Throughout the program, the teachers worked side-by-side with Arkema employees who are scientifically trained. They spent much of their time exploring science kits that are designed to spark students’ interest. The kits, provided by Arkema, meet national science education standards and supply teachers with eight weeks of curriculum to make learning enjoyable and to make scientific applications relatable to daily life. The kits offer lessons on topics such as alternate forms of energy, land formations, soil properties, weather observation and wiring circuits for lightbulbs.
“The Science Teachers Program gives me new insight and ideas on how to build a strong STEM foundation for my students,” said Andria Miller. “It’s really great to have this time to focus solely on science education with Arkema experts who are applying their knowledge to everyday life.”

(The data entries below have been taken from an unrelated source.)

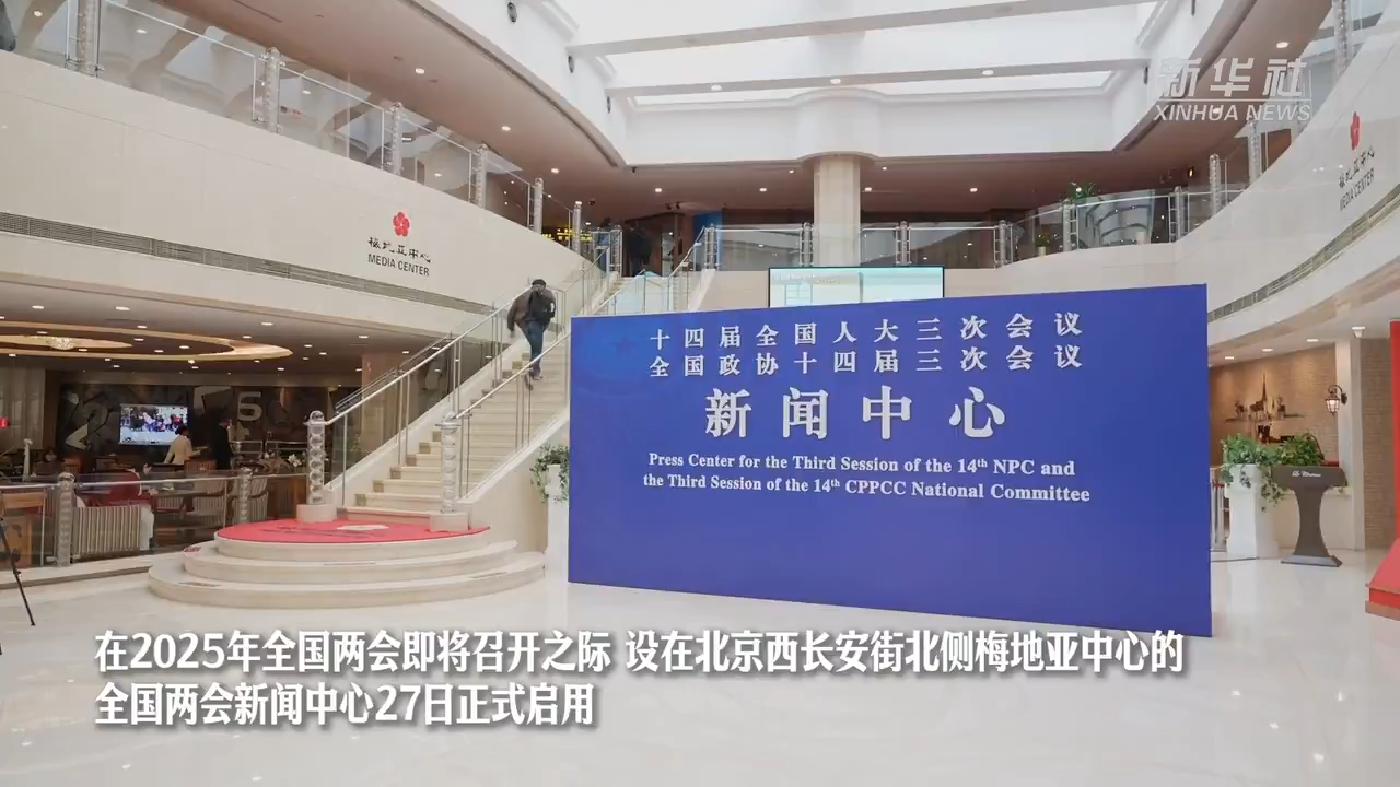 在2025年全國兩會即將召開之際,設在北京西長安街北側梅地亞中心的全國兩會新聞中心27日正式啟用。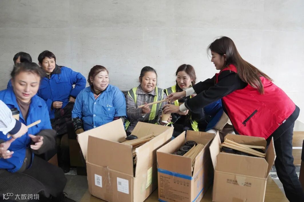 向园区200余名一线工作者发放暖冬饮品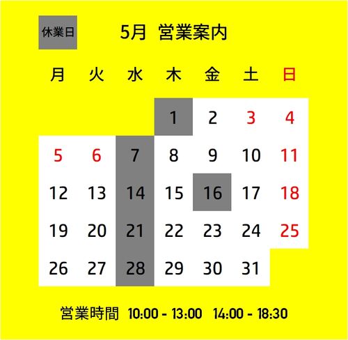 5月の営業案内です。
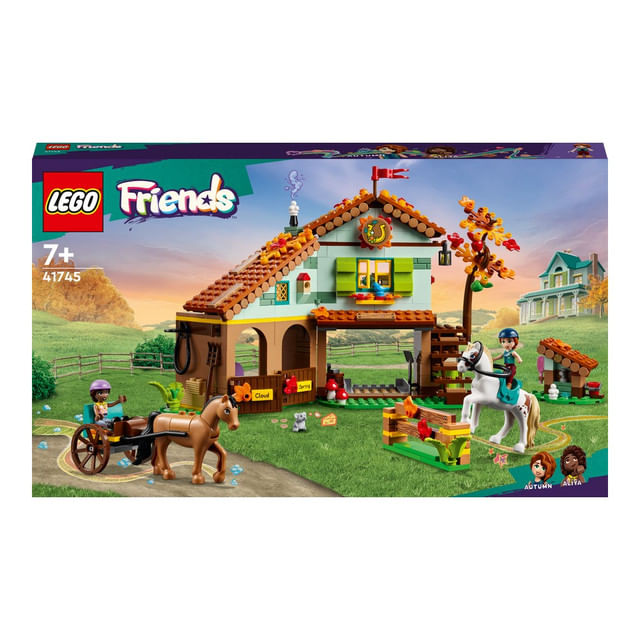 Ofera o bucurie micilor iubitori de cai de 7 ani si mai mari cu jucaria de constructie LEGO Friends Grajdul pentru cai al lui Autumn (41745). Setul include minipapusile Autumn si Aliya, plus 2 personaje cal si accesorii pentru joaca creativa. Copiii pot avea grija de cai si-i pot inhama la trasura pentru a porni la plimbare. De asemenea, se pot bucura de o mai buna cunoastere a personajelor. Autumn si Aliya au personalitati foarte diferite, dar sunt cele mai bune prietene. Iubesc sa-si petreacatimpul intr-un mod linistit si adora sa aiba parte de aventuri in egala masura. Deasupra grajdului se afla o bucatarie primitoare si o zona de dormit cu paturi de fan. E cadrul de vis pentru orice iubitor de cai!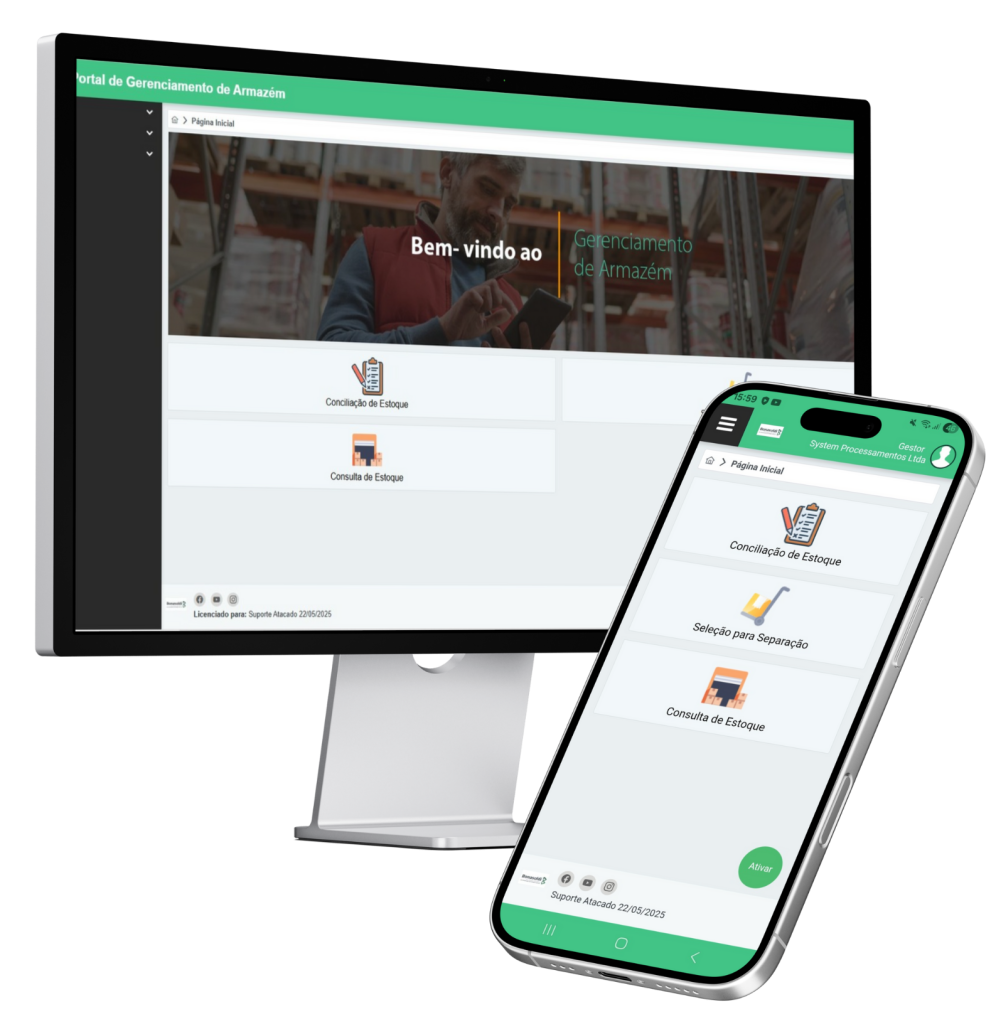 A solução automatiza armazenagem, separação, conferência e expedição, com controle de estoque, endereçamento inteligente, validações por FIFO, FEFO e LIFO, gestão de tarefas logísticas e operação em ambiente web e mobile.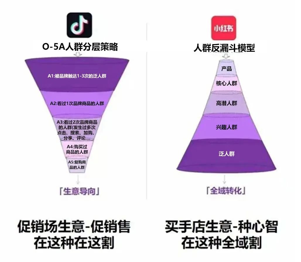 这也是为什么抖音的方法论是正漏斗人群分层策略,而小红书的方法论是反漏斗人群破圈策略。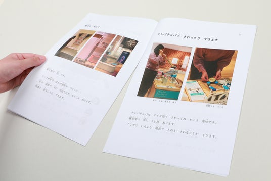 大きな写真や分かりやすい文章を用いて、当館の利用方法や行動の流れ、想定される場面をお伝えすることにより、来館前に当館における過ごし方の見通しを持ち、安心して当館を楽しんでいただく手助けとなることを目的としています。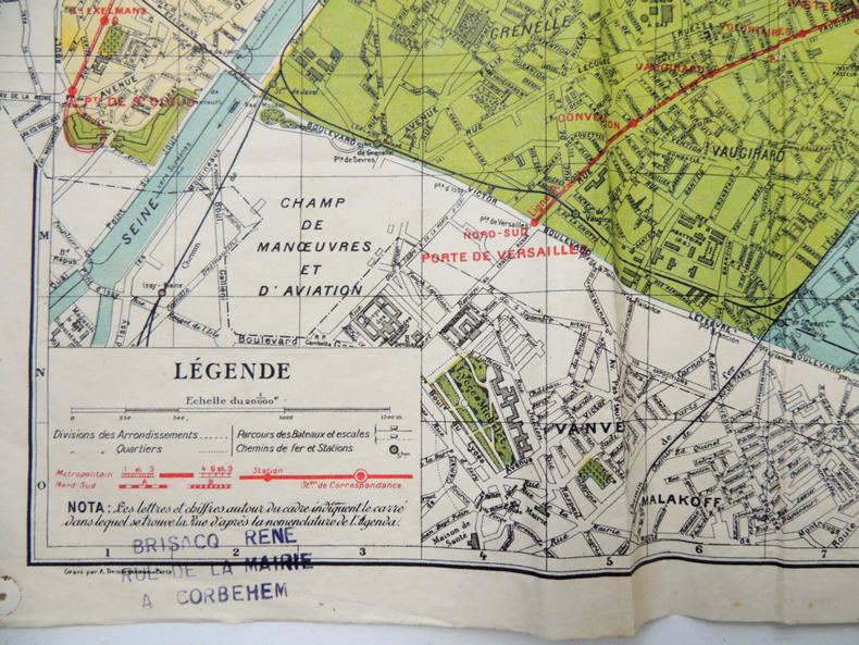 format 62x49cm, (1/20.000) avec lignes métro et chemins de fer. Publié par Henon, vers 1915 ref/classeur 4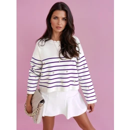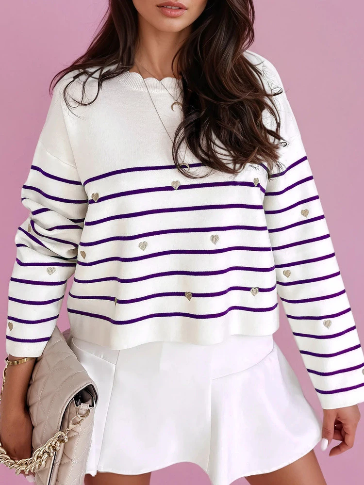 Kombinace elegance a pohodlí. Je vyroben z látky příjemné na dotek, potěší vás pohodlím při nošení a jedinečným stylem. Dlouhý rukáv vás zahřeje a ozdobný výstřih mu dodává jedinečný šarm. Tento model zdobí jemné nadčasové proužky a ozdobná srdíčka pro jedinečný styl. Bude dokonalým doplňkem vaší podzimní stylizace!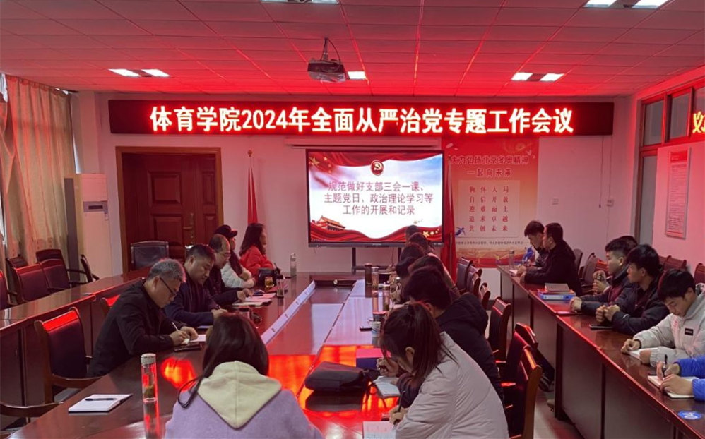 12月4日,体育学院党委在体育馆三楼会议室召开2024年全面从严治党专题工作会议,体育学院党政领导、党委委员、纪委委员、党委秘书(组织员)、各党支部书记、支部委员、各科室负责人、全体辅导员参加会议。会议由体育学院党委书记王玮主持。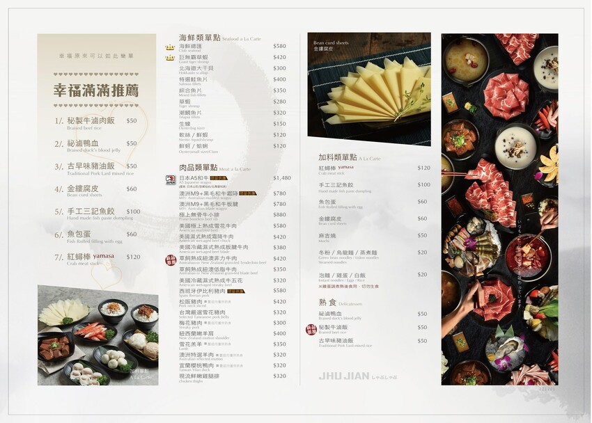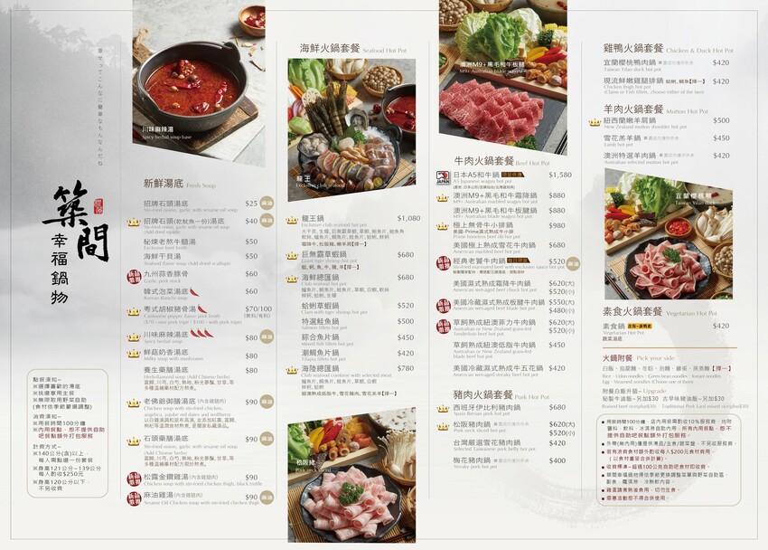 這裡提供築間幸福鍋物的菜單給你們參考,比較需要留意的是,築間目前有分為「一般門店」、「自助吧門店」與「火烤雙享門店」,菜單各有不同,其中「一般門店」是沒有自助吧的,套餐內會內附菜盤。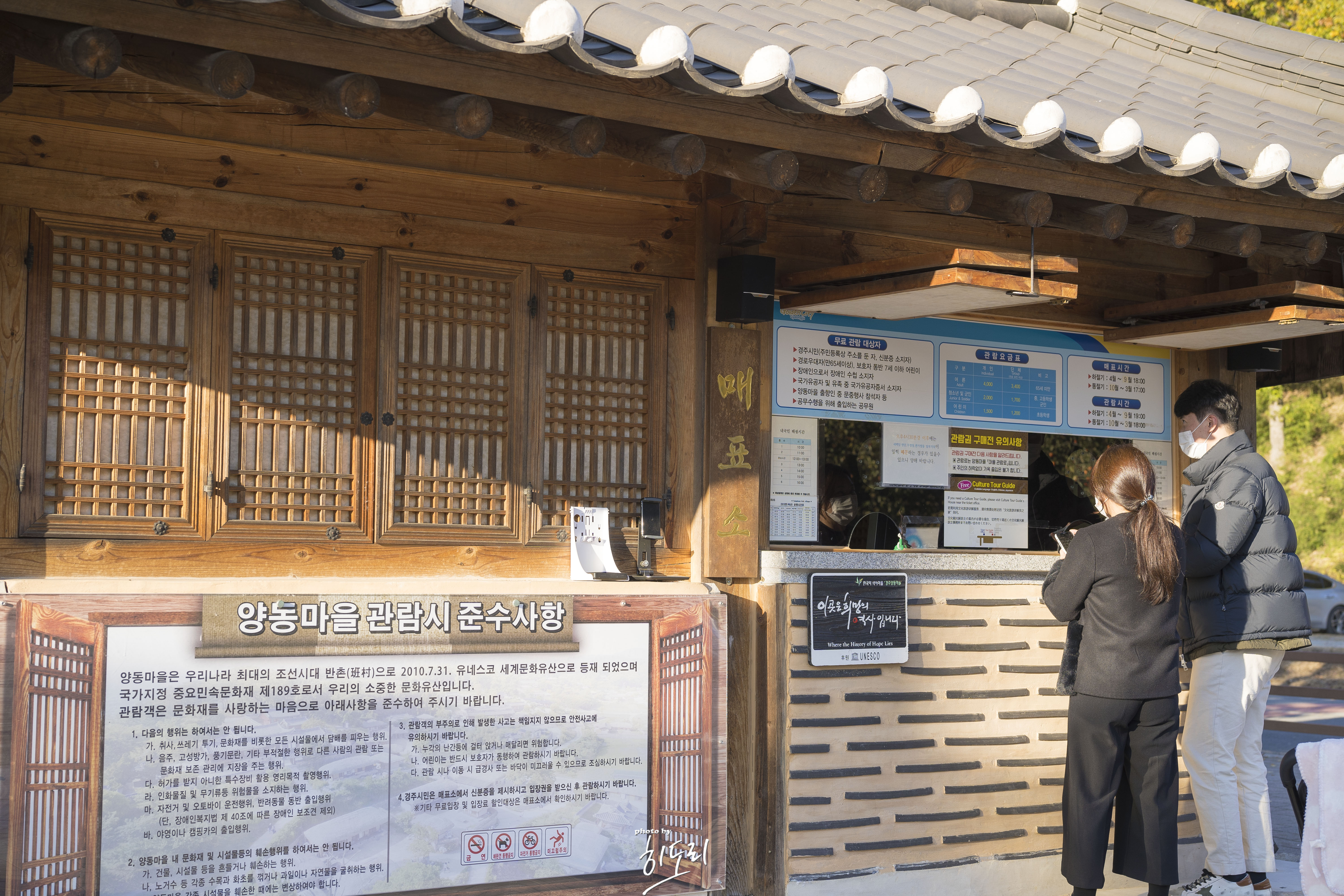 양동마을을 들어가기 위해선 입장료가 필요합니다.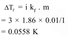 If sodium sulphate is considered to be completely dissociated into cations and anions in aqueous solution, the change in freezing point of water $\left(\Delta \mathrm{T}_{\mathrm{f}}\right)$, when $0.01 \mathrm{~mol}$ of sodium sulphate isdissolved in $1 \mathrm{~kg}$ of water, is $\left(\mathrm{K}_{\mathrm{f}}=1.86 \mathrm{~K} \mathrm{~kg} \mathrm{~mol}^{-1}\right)$ :-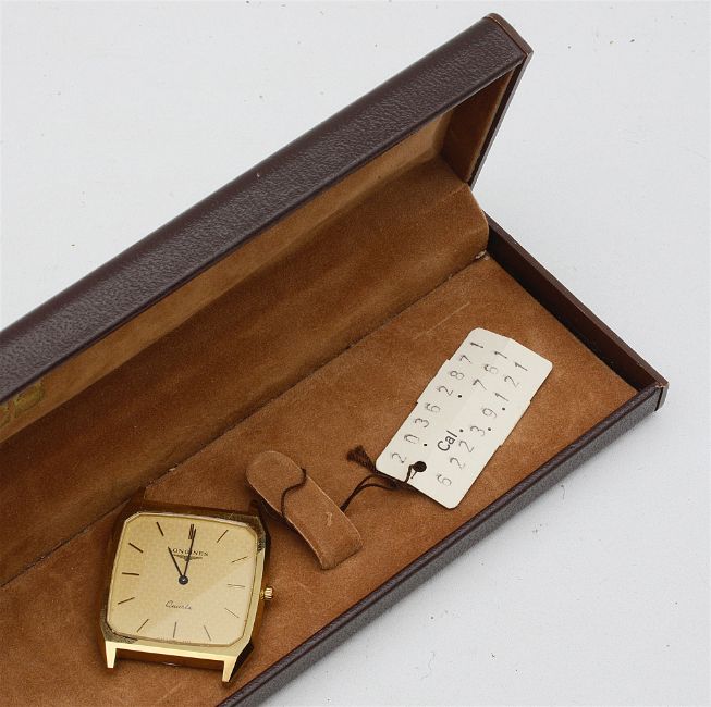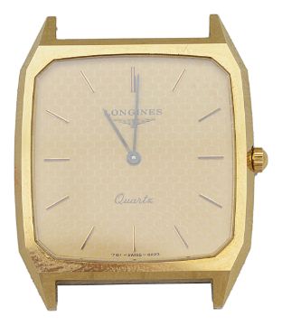 the square gold toned dial with canted corners and baton numerals, without strap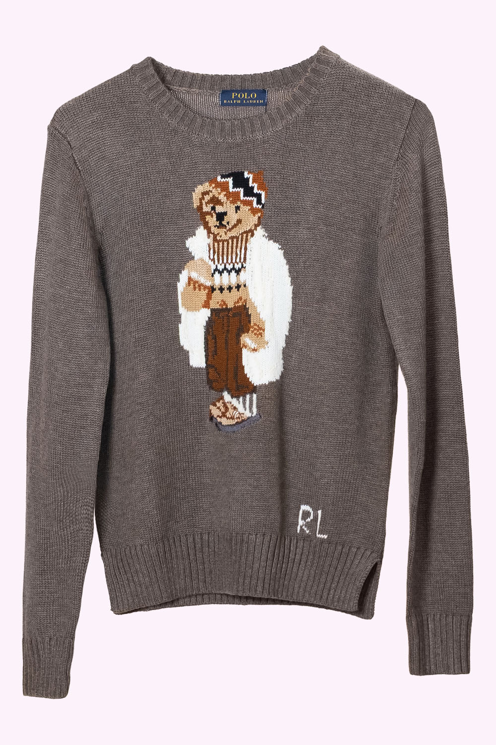 Geçmişin mizahını ve sıcaklığını modern şehir stiline taşıyan, karakter sahibi bir kış yorumu. Orta tonda toprak-kahverengi zeminde işlenmiş intarsia ayı motifi; desenli bere, dokulu atkı ve pelüş kaban detaylarıyla nostaljik bir “heritage” atmosferi kuruyor. Klasik bisiklet yaka, ince ribana manşet ve etek ucu—günlük şıklıkla konforu dengelerken—yan yırtmaçla hareket alanı kazandırıyor. Alt köşedeki küçük monogram ise ürüne koleksiyon imzası katıyor.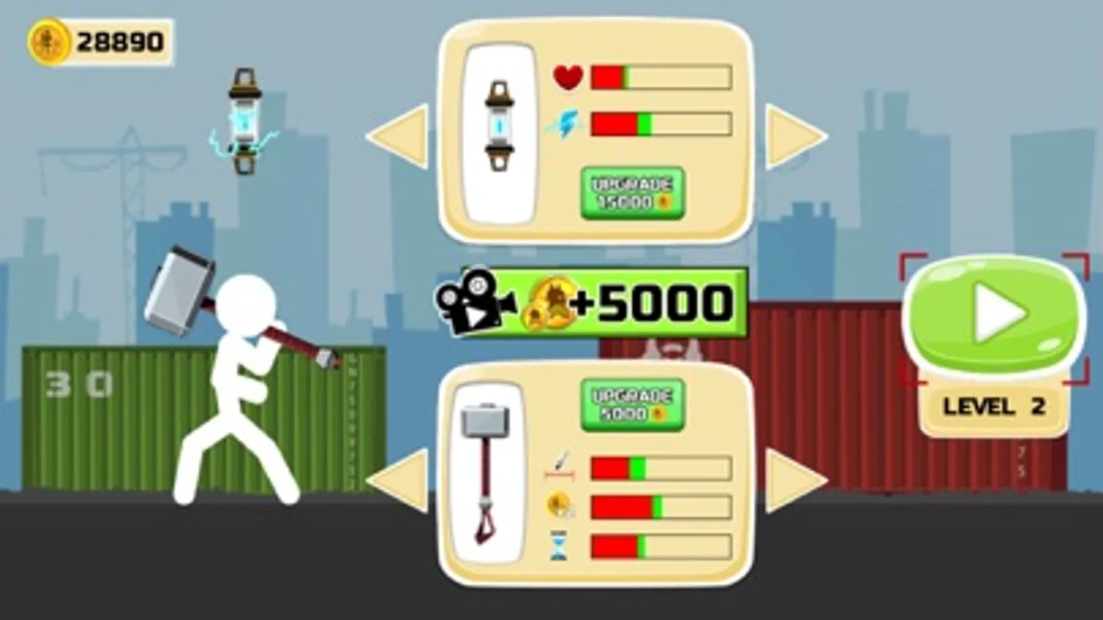 Lead your stickman to the final victory. You have a tons of different weapons available: swords, truncheon, thor's hammer, wraith scythe, unique cudgel, ali baba's tulwar, simbad's scimitar, grandpa's carbine", barana's star spike Mace, Gandalf's walking stick, bulgarian's umbrella, two handed mace, la guitarra, nimbus 3000 broom, decapitator heavy axe, ninja's bo staff, lancelot's lance, gladiator's sword, poseidon's trident, masters' sword, zangetsu, buster's sword, hattori hanzo's finest blade... and so many more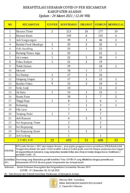 Demikian Data Update tersebut disampaikan Juru Bicara Satuan Tugas Percepatan Penanganan Covid – 19 Kabupaten Asahan H. Rahmat Hidayat Siregar S. Sos. M.Si, Rabu (24/03/2021) berdasarkan hasil data surveilans dari seluruh Puskesmas yang ada di wilayah Kabupaten Asahan sebagaimana di kelola Dinas Kesehatan Kabupaten Asahan pertanggal 24 Maret 2021 hingga pukul 12.00 Wib.

A study by the Pew Research Center found that more than 50 percent of Americans believe young students steer away from STEM because the classes are too difficult. Arkema’s Science Teachers Program counteracts that perception by providing teachers with tools to make science more interesting and accessible to students.
With a STEM background, young people have a better chance of career success. The U.S. Bureau of Labor Statistics (BLS) reported that 93 out of 100 STEM jobs have wages higher than the national average. BLS research also shows that STEM employment is growing at twice the rate of non-STEM occupations.
“We hope that the Science Teachers Program helps educators inspire their students to learn and love science,” said Jeff Hall, plant manager at Arkema’s Calvert City site. “Many jobs of today and tomorrow are in technology and science, so it’s crucial that our students are prepared for the future. We’re pleased that these teachers have chosen to team up with us, and we’re honored to have the opportunity to contribute to their curriculum and to their students’ success.”
Since 1996, the Arkema Science Teachers Program has benefitted hundreds of teachers and thousands of students across the United States. In addition to this program, many Arkema sites support local education by offering internship opportunities, funding scholarships, hosting students at Arkema plants, or sending scientists and engineers to speak at local schools. These efforts are part of Arkema’s Common Ground® program, which focuses on building relationships based on mutual knowledge and trust within the communities in which Arkema operates.